Indeed, Pixar still has to get along with Disney (amid rumours that Jobs might be prepared to cut a new deal with the Mouse, provided Eisner walks the plank). Two more movies will come out under the Disney-Pixar umbrella: The Incredibles, directed by The Iron Giant's Brad Bird, arrives this autumn with the story of a family of superheroes living in suburbia; and the Lasseter-directed Cars is scheduled for 2005.
Reports earlier this year suggested that Pixar might have continued working with Disney if Jobs hadn't found Eisner so personally difficult. But one school of thought believes that the break-up was a win-win development.
'I actually think it was good for both companies,' says financial analyst Harold Vogel, whose Entertainment Industry Economics was published here in its sixth edition this spring by Cambridge University Press. 'For Jobs, it's almost impossible not to get a better deal. And despite what you see in the press, there was no way Eisner could give back rights Disney already had on successful pictures. It would have been a big problem for the company. It looked at the probabilities and decided it was better off with what it's got right now.'
Disney also would be better off with almost anything other than the reputation it now has in the animation business. The days of resurrected glory seen in Aladdin and Lion King are long gone ('They've literally lost the plot,' says Sproxton), and this spring the studio brought its tradition of hand-drawn animation to an ignominious end with the $100 million flop Home on the Range.

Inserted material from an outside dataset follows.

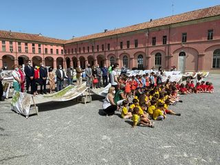 A coordinare le scuole, la dottoressa Laura Della Valle, che ha introdotto la professoressa Marina Pepino e la studentessa Vera Morino, del Liceo Artistico “Pinot Gallizio”, i cui allievi dell'ultimo anno sono stati coinvolti in un concorso di idee per la realizzazione del logo di DNAlba. A primeggiare, quello della giovane braidese. Sempre parlando di scuole, i bambini delle materne sono stati coinvolti - per un omaggio a Pinot Gallizio - nella realizzazione di decine di metri di pittura su tela, esposte nel Cortile della Maddalena.

Oh, well. At least Disney has its cut of The Incredibles to look forward to this year. Disney showed analysts, including Vogel, a four-minute clip of the movie in Orlando in February. 'It looks like another big winner,' pronounces Vogel. Run, rabbit, run.
JOINT FORTUNE: worldwide box office receipts for Pixar/Disney movies
$1995 Toy Story 358.8m
1998 A Bug's Life 358.0m
1999 Toy Story 2 485.7m
2001 Monsters, Inc. 524.2m
2003 Finding Nemo 853.2m
WITH A LITTLE HELP FROM RENDERMAN
And you thought Pixar had been involved in only five feature films so far. Don't forget the Lord of the Rings trilogy, Master and Commander, Spider Man, the Harry Potter movies and dozens of other eye-catching feature films in recent years. The studio's software for melding computer-generated graphics data into a convincing screen image, called RenderMan, is a favourite in all the big Hollywood special-effects shops.
Ed Catmull's fellow computer whizzes Loren Carpenter and Rob Cook received an Academy Award in 2001 for the technical advances they made in developing what Pixar calls RenderMan's 'powerful shading language and anti-aliased motion blur' - the techie stuff you need so that Frodo doesn't look like he's engaged in a titanic battle with a hologram of a monster being projected onto a bedsheet. 'Our primary focus is on content creation,' said Pixar in its annual report last year. 'And, as a result, we have not increased the time and resources necessary to generate significantly higher RenderMan licence revenues.' Still, with RenderMan averaging more than £4 million in sales annually between 2000 and 2002, it's a nice little sideline.